Inexplicably slow Western Digital WD15EARS disk

hard drivesmart

I have four disks, of which two are WD15EARS, in a server and I'm trying to put the two WD15EARS's in Linux mdadm RAID, but for some reason, the array's performance is very slow (it syncs at about 15 MB/s). At first I thought it was an alignment issue, since they're Advanced Format drives, but I don't think so. This is how I aligned them. I also have two of these drives in my desktop PC, aligned painstakingly with LVM and RAID, and they're running fine.

I did some speed tests on the individual drives (sdb and sdd). Hdparm -t shows 80 MB/s for sdb and only 30 MB/s for sdd (and the two other drives, two Samsung ones, measure at about 100 MB/s). These results are repeatable. It also shows that it's not an alignment thing, because then hdparm -t would be slow on both drives.

I have been unable to discern any differences that might explain why one of these drives is slower, except that SMART reports the following on the good drive:

Offline data collection status:  (0x82) Offline data collection activity
                                        was completed without error.
                                        Auto Offline Data Collection: Enabled.

And it reports this on the bad drive:

Offline data collection status:  (0x85) Offline data collection activity
                                    was aborted by an interrupting command from host.
                                    Auto Offline Data Collection: Enabled.

The auto offline data collection should run every four hours, but the status message on the bad drive never changes.

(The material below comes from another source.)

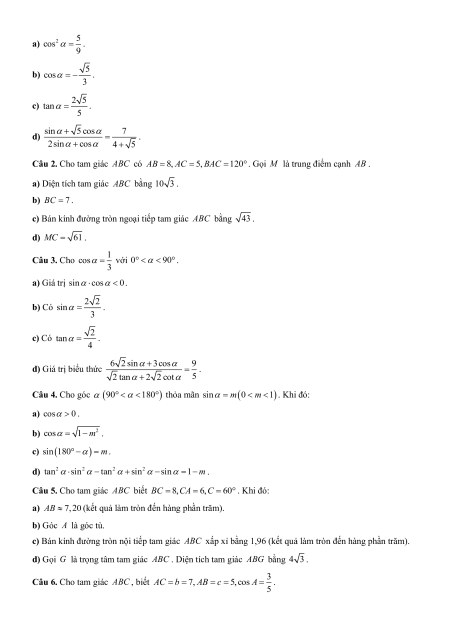 Câu 4. Cho góc (90 180) thỏa mãn sin = m(0 m ) 1 . Khi đó: a) cos 0 . b) 2 cos = 1− m .
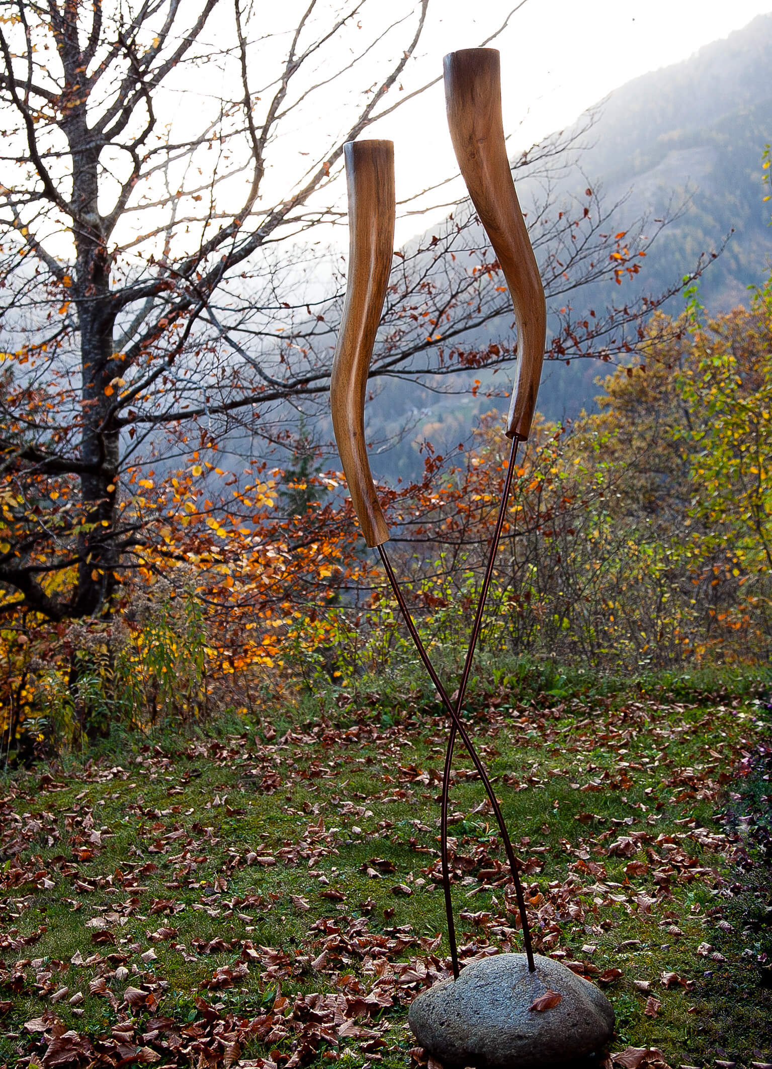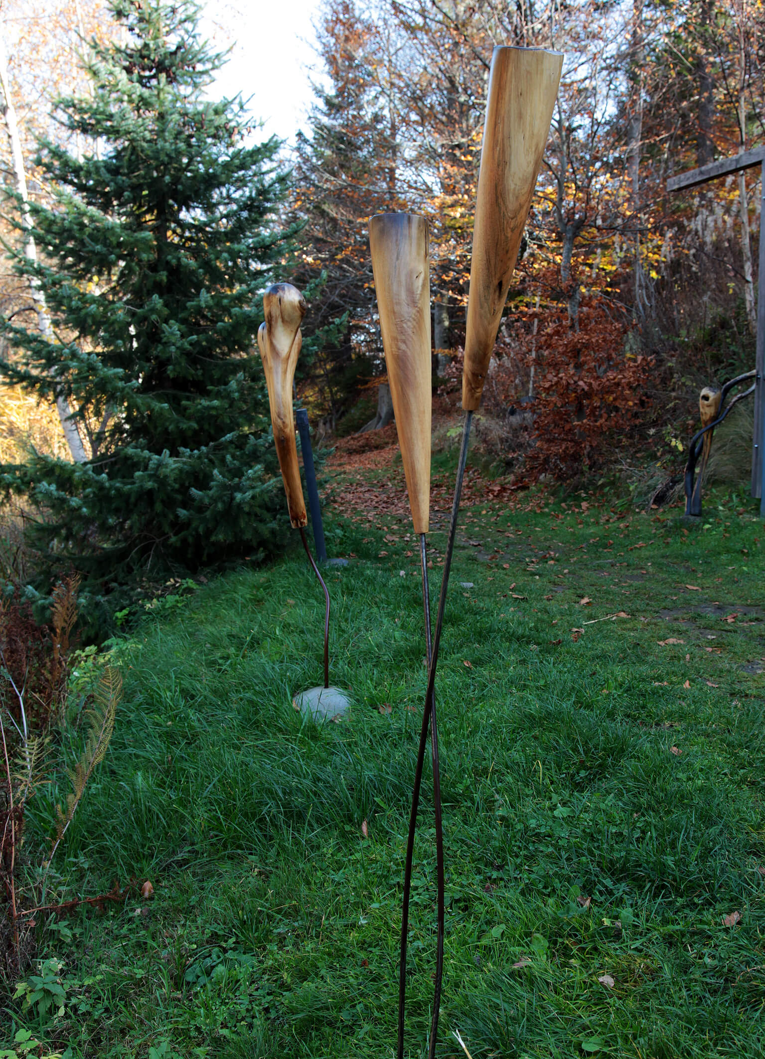 Die Holzskulpturen sind ausschließlich aus heimischen Hölzern gefertigt. Die Formen der Skulpturen ergeben sich oftmals durch den Wuchs des Baumes und heben somit die Schönheit der Holzmaserung hervor. Durch mehrfaches Ölen glänzt die feinst geschliffene Oberfläche und die Tiefe der unterschiedlichen Farbtöne der Hölzer kommt wunderbar zur Geltung. Dadurch sind sie auch witterungsbeständig und somit für den Außenbereich geeignet. Der Großteil der Skulpturen sind Feuerblumen. Das bedeutet, sie haben eine Vertiefung, in die man eine Ölfackel geben kann. Somit sind sie nicht nur am Tag dekorativ und schön anzusehen, sondern sie strahlen auch in der Nacht und verbreiten eine stimmungsvolle Atmosphäre.

I hypothesized that it's this offline collection that causes slowdown, but I am unable to abort it. Smartctl -X doesn't do anything, which makes sense, because the drives do not have the "Abort Offline collection upon new command" capability, according to smartctl -c.

I'm currently running a long self test which hopefully yields something, but in the meantime, I was hoping if anybody knows what might be going on.

Edit: the self test finished, it says it's OK. Turning off automatic offline data collection also didn't help.

And, I just did DD write tests. dd if=/dev/zero of=/dev/sdX bs=10M yieled 65 MB/s on the good disk and about 15 MB/s on the bad one. There's definitely something wrong.

Edit2: I picked up the drives from the datacenter and connected it to my PC with a USB to SATA converter. Now it works fine…

Best Answer

Possibly the cause for significantly decreased performance would be the Automatic Acoustic Management (AAM) - check its status on both drives using hdparm -M and disable it entirely by setting the value to 254.

Also, enabling the write cache on the drives using hdparm -W should be worth trying.

Since you are using Caviar Green drives (which you should not be doing for a Linux RAID setup, honestly) and already are at it, make sure to disable the power saving features, especially the IntelliPark feature.

If nothing helps, it might be a hardware problem indeed - open up an RMA and return the drive to WD.